For this task, output exactly the lines of the material below starting at the line with "读完这篇文章,我深刻认识到在" and ending at the line with "- 当前查看拍卖鸽:台湾飞鸿赛鸽竞翔作出 本身成绩四关鸽王综"; pictures are to be excluded.

---------- Dataset records ----------

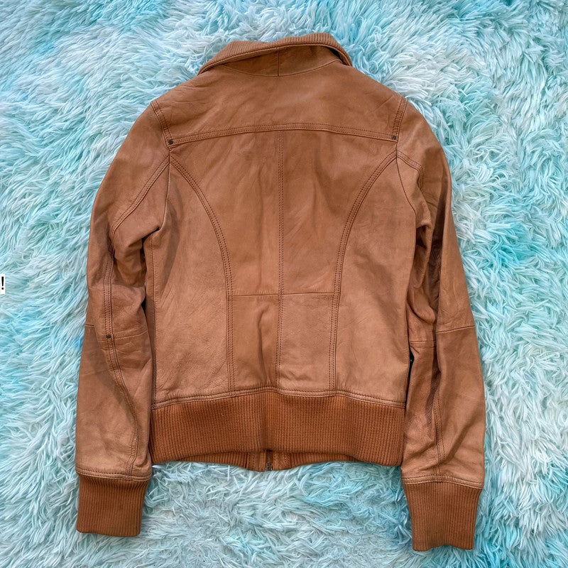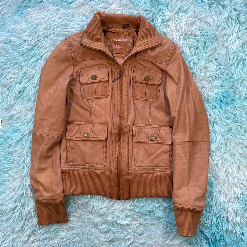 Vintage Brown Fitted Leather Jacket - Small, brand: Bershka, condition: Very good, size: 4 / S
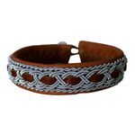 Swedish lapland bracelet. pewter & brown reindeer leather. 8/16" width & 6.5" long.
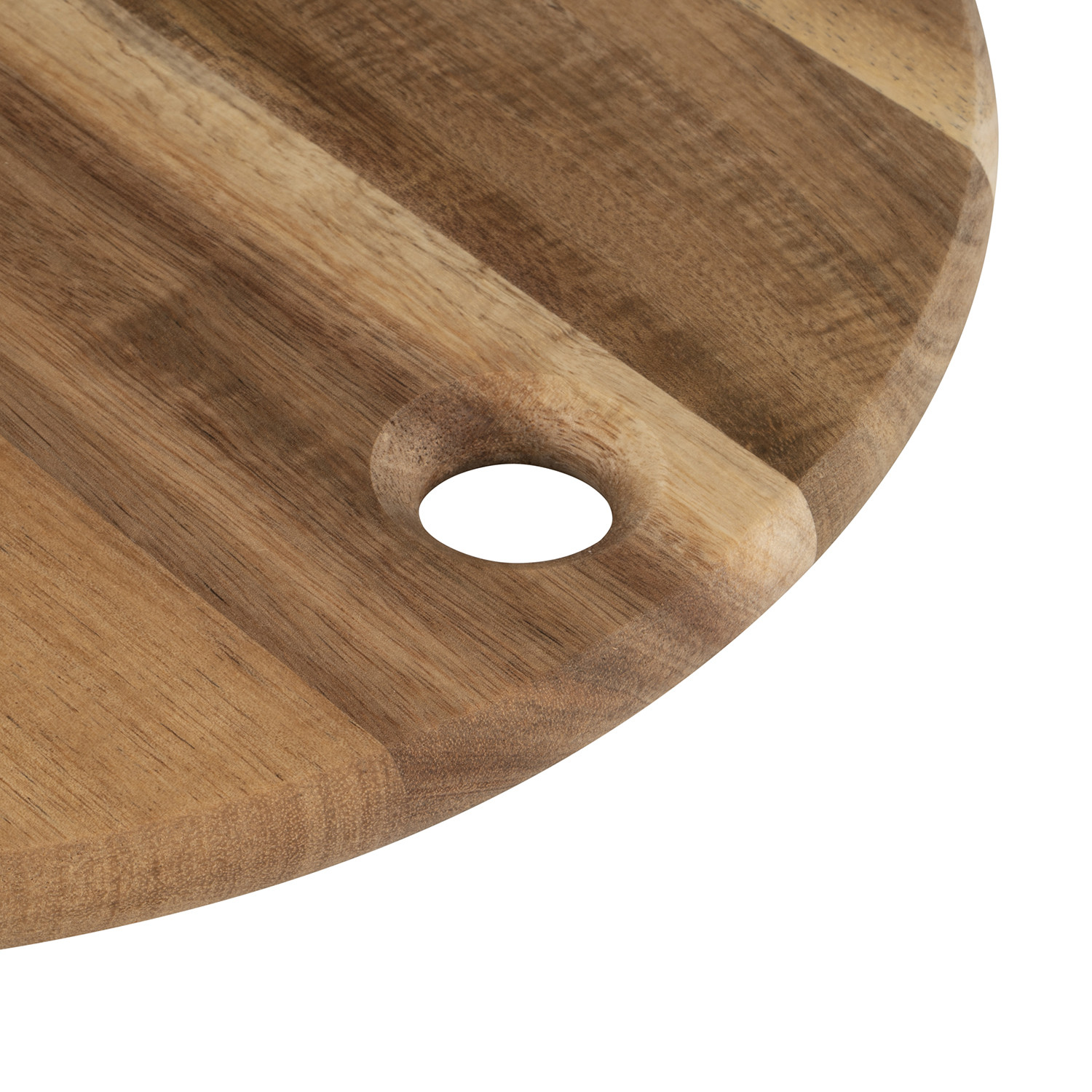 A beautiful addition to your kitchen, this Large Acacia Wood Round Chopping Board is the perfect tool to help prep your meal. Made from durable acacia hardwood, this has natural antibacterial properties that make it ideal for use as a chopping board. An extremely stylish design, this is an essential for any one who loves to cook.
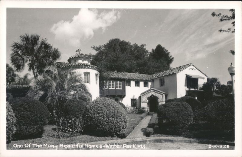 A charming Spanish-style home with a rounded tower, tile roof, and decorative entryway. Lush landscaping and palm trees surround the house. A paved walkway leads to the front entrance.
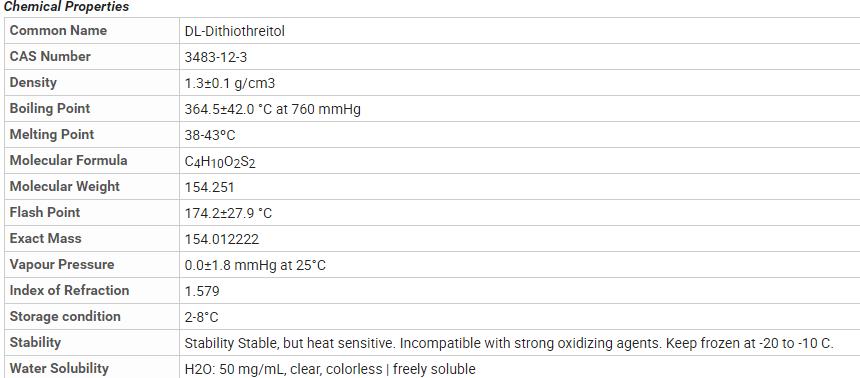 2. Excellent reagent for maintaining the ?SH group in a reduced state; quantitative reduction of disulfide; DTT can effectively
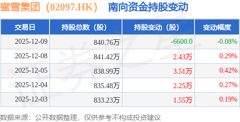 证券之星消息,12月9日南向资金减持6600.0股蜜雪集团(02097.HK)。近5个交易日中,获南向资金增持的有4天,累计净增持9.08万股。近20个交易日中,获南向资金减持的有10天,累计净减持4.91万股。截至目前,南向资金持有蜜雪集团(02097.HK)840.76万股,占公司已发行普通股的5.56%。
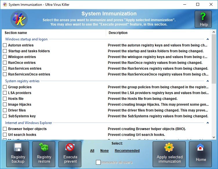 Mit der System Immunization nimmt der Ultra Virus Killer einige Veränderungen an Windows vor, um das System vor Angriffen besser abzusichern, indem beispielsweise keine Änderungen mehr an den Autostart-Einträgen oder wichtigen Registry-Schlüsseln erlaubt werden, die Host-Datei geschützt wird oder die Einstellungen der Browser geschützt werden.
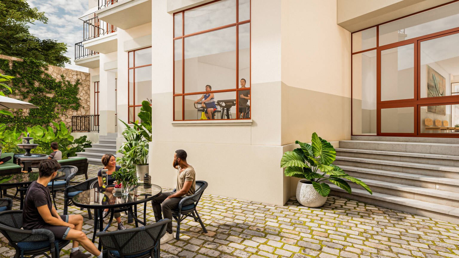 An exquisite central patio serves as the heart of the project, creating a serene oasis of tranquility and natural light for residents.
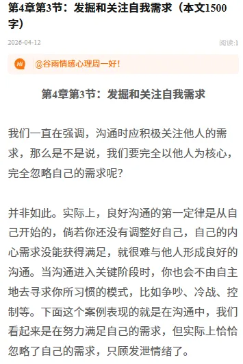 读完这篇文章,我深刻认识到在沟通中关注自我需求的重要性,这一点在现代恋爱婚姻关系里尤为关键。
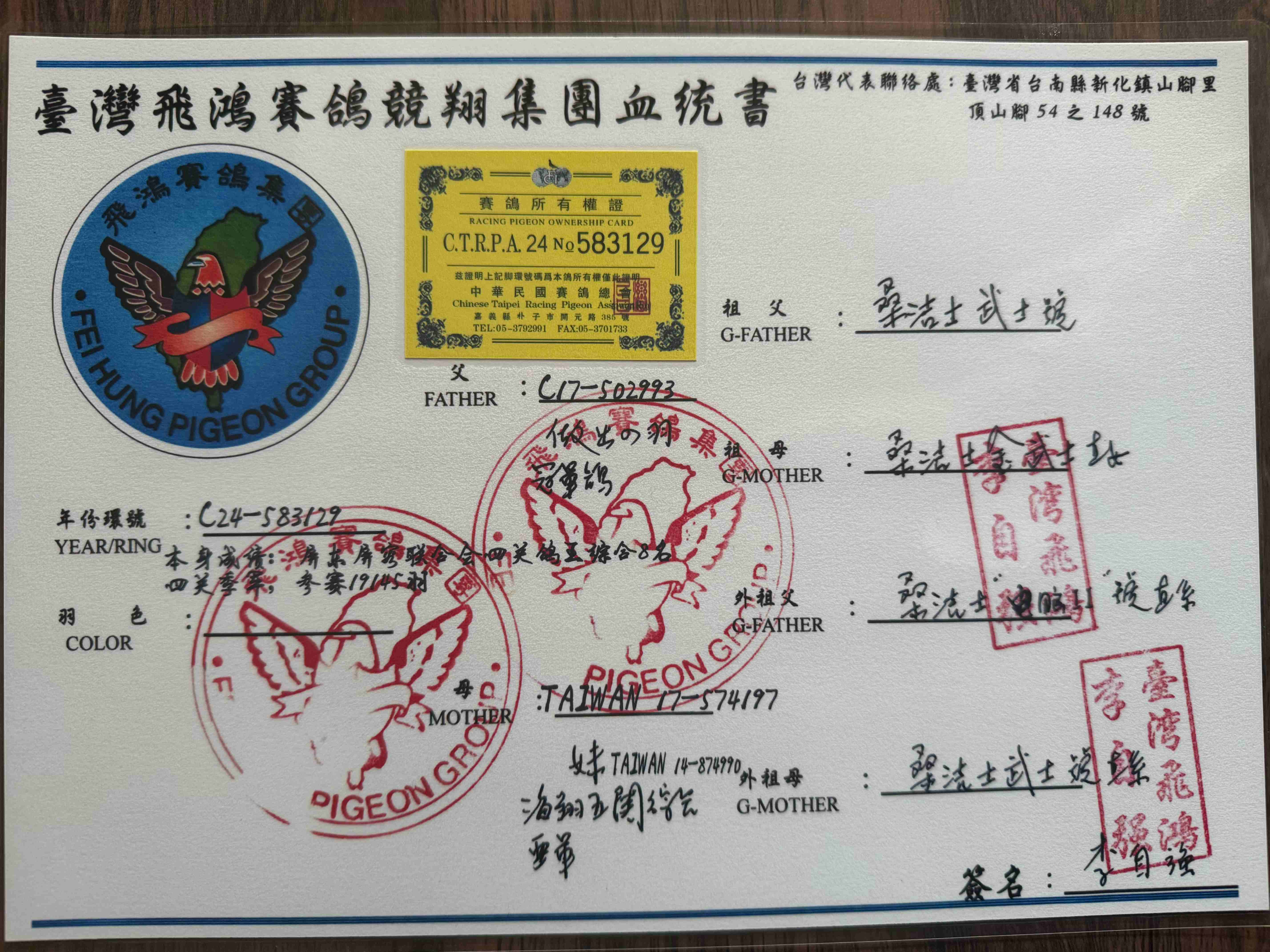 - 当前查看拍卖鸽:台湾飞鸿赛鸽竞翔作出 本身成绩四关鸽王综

----------
---------- Dataset records ----------

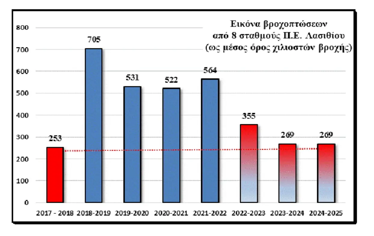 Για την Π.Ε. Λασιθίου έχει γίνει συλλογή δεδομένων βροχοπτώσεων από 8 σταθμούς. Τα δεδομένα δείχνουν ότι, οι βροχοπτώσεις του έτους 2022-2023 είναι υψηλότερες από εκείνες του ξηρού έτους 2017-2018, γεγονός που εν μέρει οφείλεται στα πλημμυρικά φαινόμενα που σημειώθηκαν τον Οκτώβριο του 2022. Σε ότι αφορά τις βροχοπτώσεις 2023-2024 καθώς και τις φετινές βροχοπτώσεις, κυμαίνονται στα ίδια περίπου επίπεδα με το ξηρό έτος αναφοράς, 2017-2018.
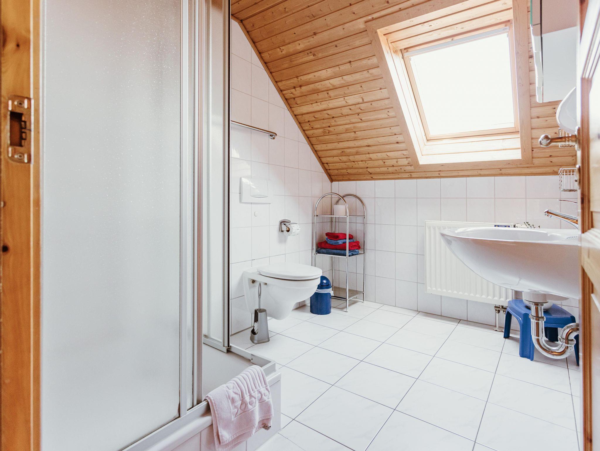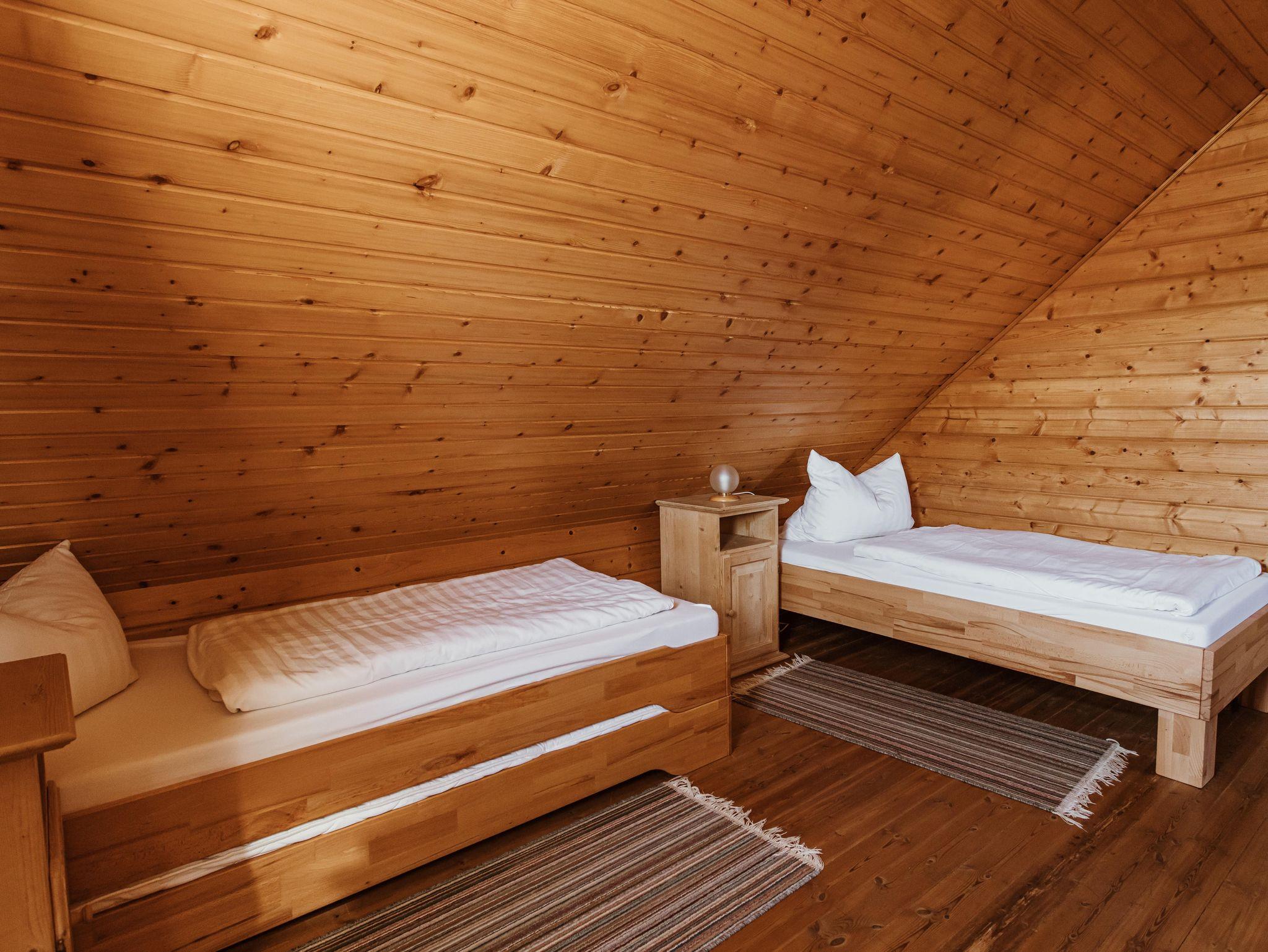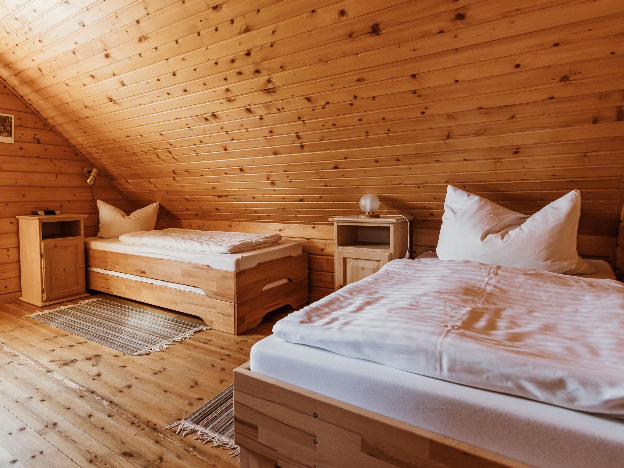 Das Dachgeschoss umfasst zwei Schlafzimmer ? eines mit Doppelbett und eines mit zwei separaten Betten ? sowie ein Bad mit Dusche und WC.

----------

■ Exercise response ■
 读完这篇文章,我深刻认识到在沟通中关注自我需求的重要性,这一点在现代恋爱婚姻关系里尤为关键。
 - 当前查看拍卖鸽:台湾飞鸿赛鸽竞翔作出 本身成绩四关鸽王综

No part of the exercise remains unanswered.